TASK STATEMENT
Your output should be the lines below from the one with "Letterpress is a" through the one with "迪士尼书包小学生女孩礼盒书包翻盖大容量儿童护脊减负双肩背包", copied exactly, pictures excluded.

═══ MATERIAL TO PROCESS ═══

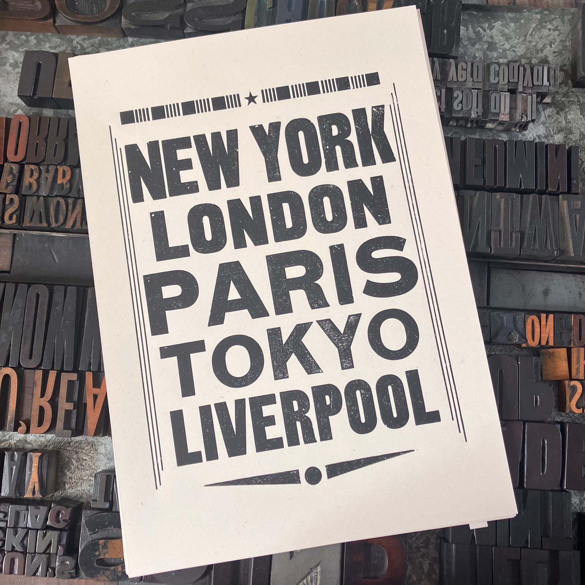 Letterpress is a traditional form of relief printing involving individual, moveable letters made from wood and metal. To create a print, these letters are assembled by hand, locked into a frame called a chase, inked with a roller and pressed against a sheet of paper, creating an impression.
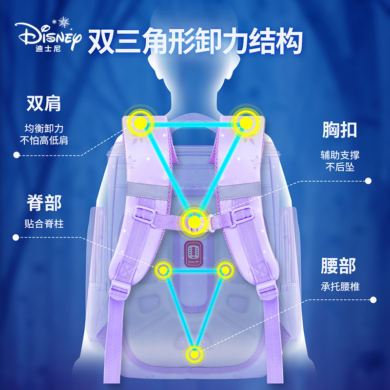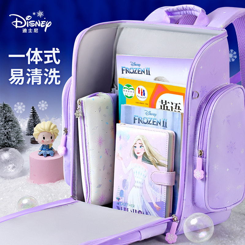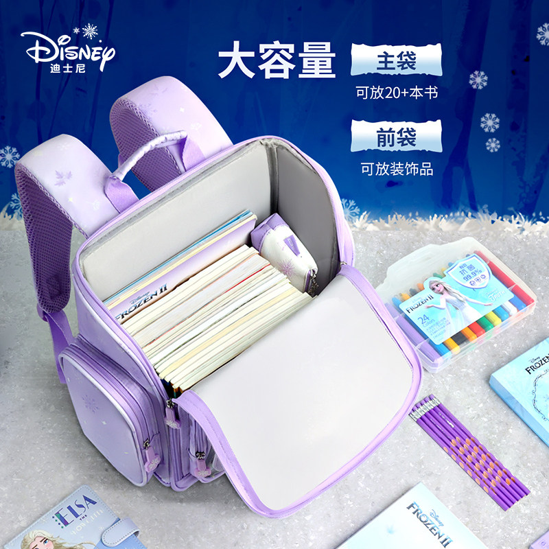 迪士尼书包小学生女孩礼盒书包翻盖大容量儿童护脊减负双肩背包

═══
═══ MATERIAL TO PROCESS ═══

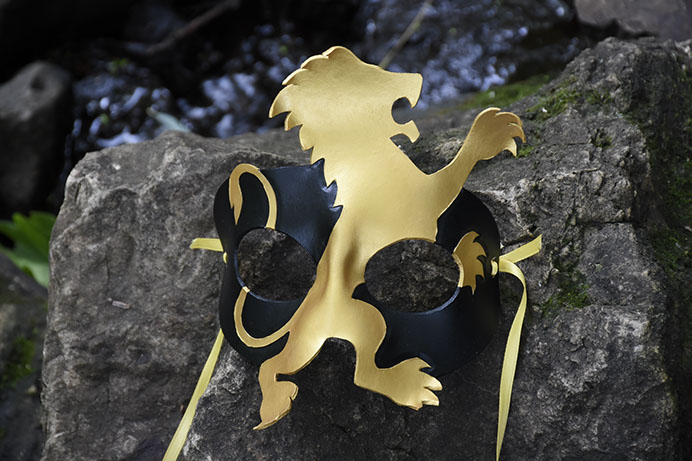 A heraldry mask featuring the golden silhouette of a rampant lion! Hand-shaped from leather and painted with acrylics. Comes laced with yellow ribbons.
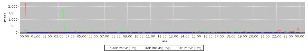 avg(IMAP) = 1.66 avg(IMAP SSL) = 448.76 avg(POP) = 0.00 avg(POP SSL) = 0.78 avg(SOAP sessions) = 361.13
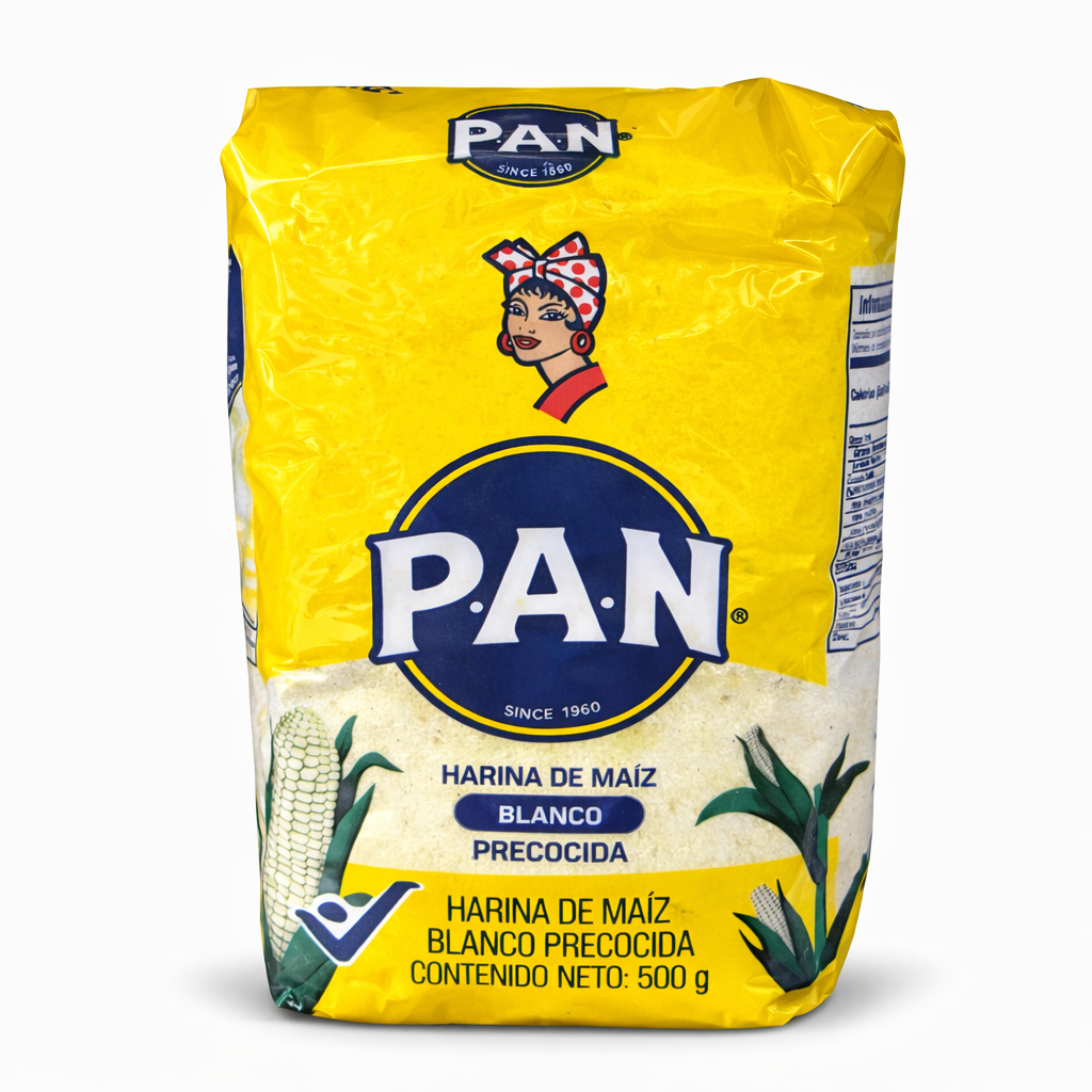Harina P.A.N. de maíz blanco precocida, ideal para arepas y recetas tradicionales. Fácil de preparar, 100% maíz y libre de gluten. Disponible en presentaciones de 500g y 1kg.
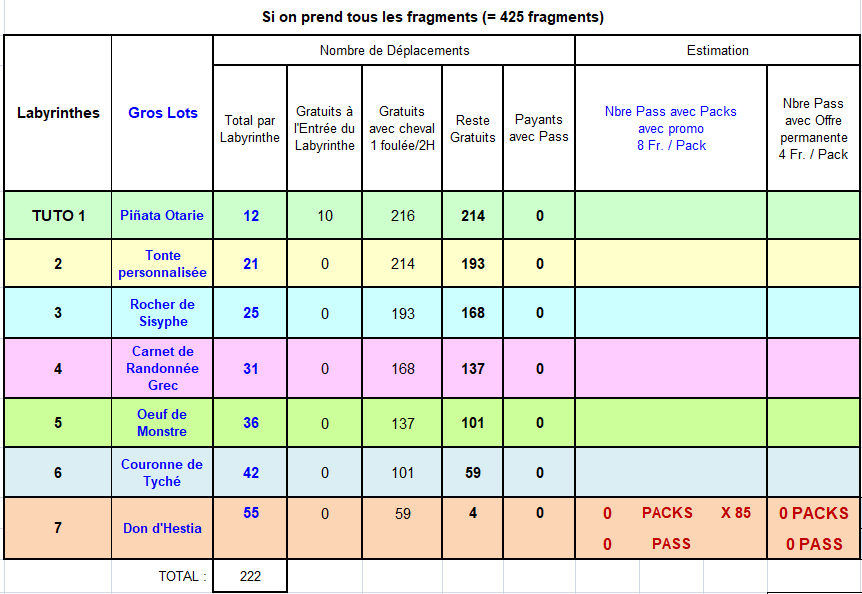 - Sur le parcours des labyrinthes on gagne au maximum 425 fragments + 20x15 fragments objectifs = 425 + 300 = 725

═══

SOLUTION TO THIS PROBLEM
 Letterpress is a traditional form of relief printing involving individual, moveable letters made from wood and metal. To create a print, these letters are assembled by hand, locked into a frame called a chase, inked with a roller and pressed against a sheet of paper, creating an impression.
 迪士尼书包小学生女孩礼盒书包翻盖大容量儿童护脊减负双肩背包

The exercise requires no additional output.